Who's On First, What's On Second, I Don't Know! (Third Base!!)*

Simple Vocabulary Definitions for those who may not speak fluent medical :)

Undiagnosed Progressive Neurological Disorder- This is the diagnosis that is believed to make everything else fit together. It explains my frequent infections, my muscle weakness and dystonia, my dysautonomia, my cardiac issues, my inability to regulate blood pressure, my dysphagia, my ataxia, my severe fatigue, my extreme nausea, my gastrointestinal dysmotility and IBS like syndrome, my unbelievable migraines, my sensory changes in my arms and legs, my vision issues, my hearing loss (so much for blaming medication), and so much more. Going back to infancy and childhood, this would explain the severe apnea, the significantly delayed motor skills, the reason why I could never keep up with my peers in physical activities, the neurogenic bladder, the malfunctioning thyroid, and my frequent illnesses and vomiting. This is the diagnosis now being used since the DNA testing for Mitochondrial Disease came back odd and I can not afford the expenses of a workup at the Mayo Clinic. We are treating symptomatically.

Pan-Dysautonomia- "Pan" means that it impacts many different systems of my body, "dysautonomia" is a failure of my autonomic nervous system or the part of my brain that does all of the automatic things that do not require conscious thought like telling your heart to beat, regulating your blood pressure, adjusting your body temperature, maintaining balance in space, digesting food, hunger and thirst, etc.
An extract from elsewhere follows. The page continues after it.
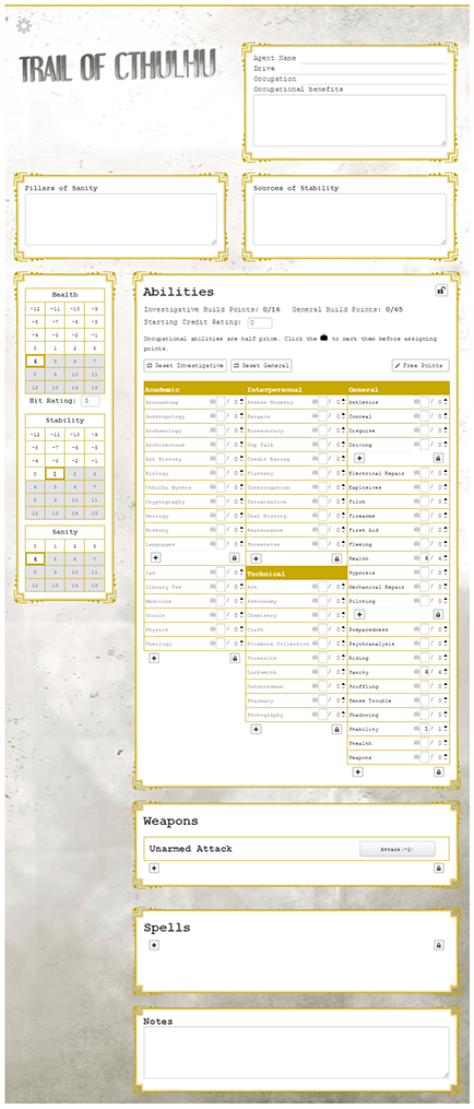 The tracker for Sanity (only visible on the Trail of Cthulhu sheet) works slightly differently. The grayed boxes will indicate your maximum Sanity, which normally aligns with your Sanity ability rating, much like how the Health and Stability trackers work. Once you gain any points in the Cthulhu Mythos ability; your maximum Sanity rating will decrease via the formula: 10 - your Cthulhu Mythos ability rating. For example, if you have 12 points in Sanity, and then acquire 1 point in Cthulhu Mythos, the tracker will indicate that your maximum Sanity should be 9, even though your Sanity ability rating still says 12. The tracker will auto-calculate the change to the sanity maximum as you add additional Cthulhu Mythos points.

It is believed that I have had this from birth based upon my history of symptoms, including severe life threatening apnea as an infant, but the cause remains elusive at this time

Dystonia- abnormal muscle tone and spasticity, including painful spasms, that primarily impacts my feet and lower legs and is now starting to be a problem in my back

Ataxia- difficulty maintaining balance and coordinating/executing movements

Dysphagia- difficulty swallowing due to any number of causes including muscle weakness and poor muscle coordination

Adipsia- the absence of a sense of thirst



Other Medical Issues- Lupus Anticoagulant (autoimmune disease that causes me to tend to form blood clots and has already caused two deep vein blood clots and one mild stroke), Migraines, unknown connective tissue disorder, abnormal gastric motility, allergies, history of v-tach and severe sinus tachycardia, changes to my echocardiagram that include leaking valves and a new murmur, low blood pressure, ataxia, untreated PFO (small hole in my heart that increases the risk of stroke), chronic lymphadema in my left arm, Hashimoto's Thyroiditis, Narcolepsy/Idiopathic CNS Hypersomnolance (believed to be a result of the dysautonomia and my brain's inability to regulate the sleep/wake cycle), mild hearing loss, malformed optic nerves, polycystic ovarian syndrome, pernicious anemia, vitamin deficiencies


* Title comes from an old Abbot and Costello routine that I chose to memorize in 6th grade and absolutely love.